Therefore, in the present invention, in order to further improve the processing method, a space having a controlled power density in the longitudinal direction of the linear beam is used instead of a beam having a uniform power density in view of the problem. By irradiating with a laser beam having a distribution, it becomes possible to process the vertices of the convex portions arranged in the concentric circles without melting by one scan. Specifically, a portion where the beam longitudinal direction and the convex portion are parallel to each other is treated with a laser beam having a reduced power density of the irradiation laser beam. The required reduction amount of the processing laser beam power density in the portion where the longitudinal direction and the convex portion are parallel to each other needs to be changed depending on the concavo-convex shape, but a reduction of approximately 15% to 20% is desirable. If it is less than that, melting occurs in the convex portion and the desired friction coefficient cannot be obtained, and if it is more than that, the depth of the hardened portion of the convex portion becomes shallow and the desired mechanical strength does not occur.

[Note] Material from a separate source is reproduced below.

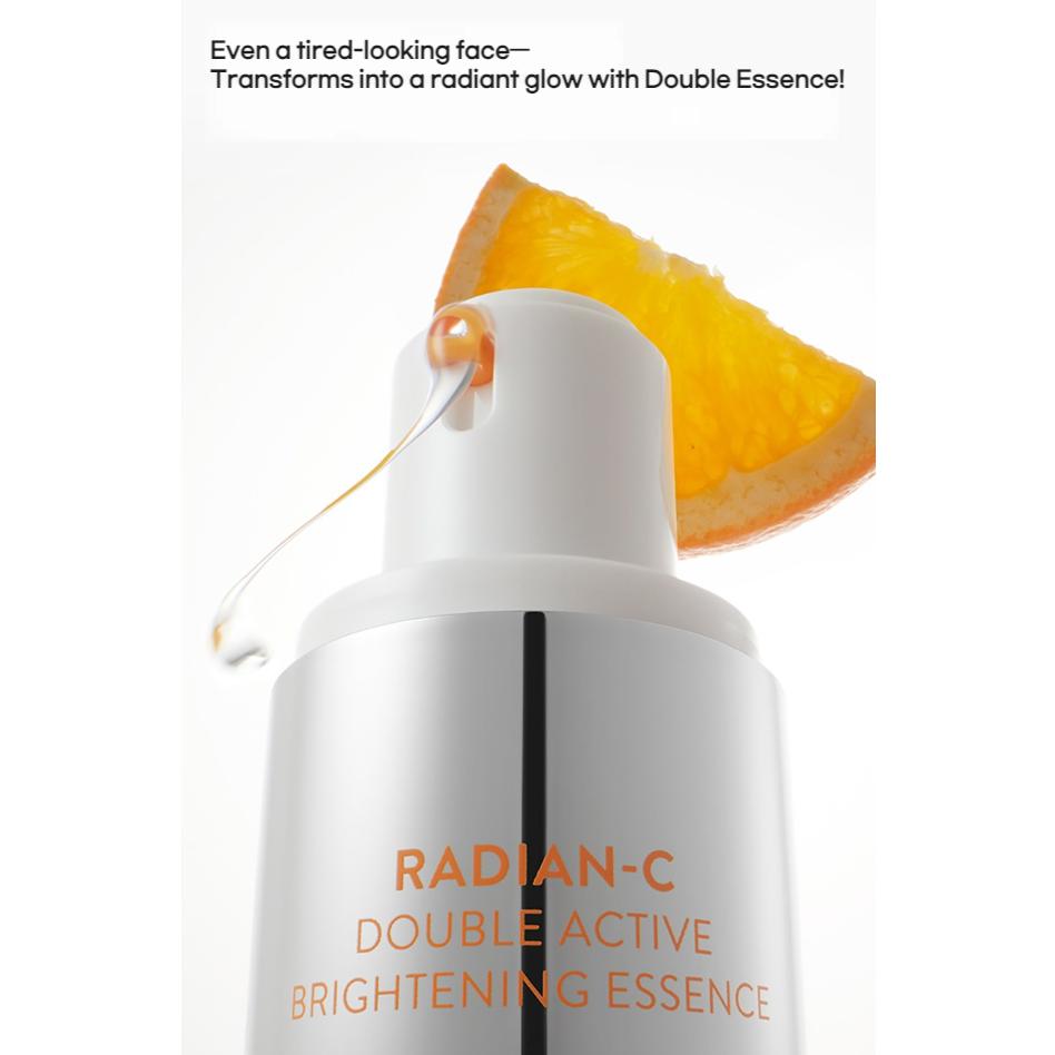 LANEIGE Radian-C Double Active Brightening Essence is a dual-formula brightening essence designed for day and night use, enhancing skin clarity and glow.

FIGS. 2 and 3 show the results of temperature rise simulation during quenching when the laser beam according to the present invention is used. FIG. 2 shows the temperature rise result at the end of the long side of the laser beam (point A in FIG. 4) where the laser beam 4 is perpendicular to the convex portion, and FIG. 3 is the laser where the laser beam 4 is parallel to the convex portion. It is the temperature rise result of the central portion (point B in FIG. 4) of the long side of the beam. The condition used in this simulation is that the laser power is 1
The beam shape on the work material was 0 kW, the rectangular shape was 70 mm × 2 mm, and the measured laser power density was as shown in FIG. 5, in which the central portion was reduced by about 20% from the end portion.
The scanning speed is 2 m / min in the direction parallel to the short side of the beam. The material to be processed is a carbon steel for machine structural use having a carbon content of 0.35%, a height from a convex portion to a concave portion of 2 mm, and a splice plate having a protrusion having an apex angle of 60 °. In the simulation result, the maximum temperature reached by the part is displayed on the contour line. The convex part of the work material is
It is heated more easily than the recesses and becomes the transformation point necessary for hardening. In this example, the transformation point is 850 ° C. When the laser beam according to the present invention is used, both the result of the end portion of the long side of the laser beam where the laser beam is substantially perpendicular to the convex portion and the result of the central portion of the long side of the laser beam where the laser beam is substantially parallel to the convex portion are obtained. It can be seen that quenching is possible up to the same depth at the peak of about 1400 ° C. Incidentally, the cooling rate from the transformation point to the Ms point (about 450 ° C.), which is the transformation end point, was about 0.3 seconds, and the rate required for quenching was sufficient. For this reason, it becomes possible to increase the hardness of only the convex portion in the splice plate having irregularities formed by the above cutting, rolling, or the like.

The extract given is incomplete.